The data rates you show for the one-GPU case indicate your PCIe throughput is at the upper end of the range I have seen for PCIe gen2 x16 across various chipsets. Note that PCIe uses packetized transport, so the payload bandwidth is not the same as the raw bandwidth. A useful description of the PCIe efficiency at various packet sizes can be found here:

By “mapped memory” do you mean “pinned memory”? Transfers from / to pinned memory via cudaMemcpyAsync() are pure DMA transfers, but obviously the driver havs to set up the DMA transfers. There are no additional copies through a pinned staging buffer in host memory, like there typically are when non-pinned memory is used.

I assume your expectation was that simultaneous transfers from both cards through both PCIe ports combined should be able to saturate the QPI link, and that doesn’t seem to happen. I assume you have verified that the transfers from both cards do indeed occur simultaneously. I am not familiar with the X58 chipset. I do not know how it multiplexes transfers from the dual PCIe x16 ports onto QPI. Are there configuration options for that which you could try (maybe in the SBIOS)?

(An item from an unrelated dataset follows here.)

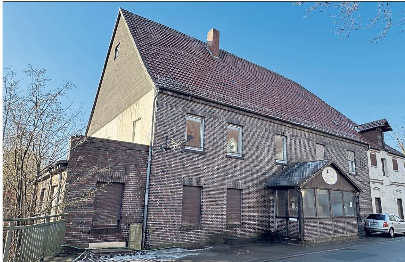
An der Kapellenstraße 23 liegt das Anwesen von Matthias Müller. Derzeit wird es auf Online-Immobilienseiten zum Verkauf angeboten.

Thanks for the reply. By mapped memory I mean that the kernel reads directly form host memory that is ‘mapped’ (and pinned). Since the DMA engine is on the card, the driver may not be involved at all.

I ran with 10-30 thread blocks (same performance) and passed a different allocated mem chunk for each to read/write. I get the max performance with large chunks.

I didn’t modify bios options, didn’t find a relevant one. iommu is off. I verified that transfers are simultaneous.

What’s bothering me is the low D2H transfer rate for 2 GPUs, like these transfers are serialized.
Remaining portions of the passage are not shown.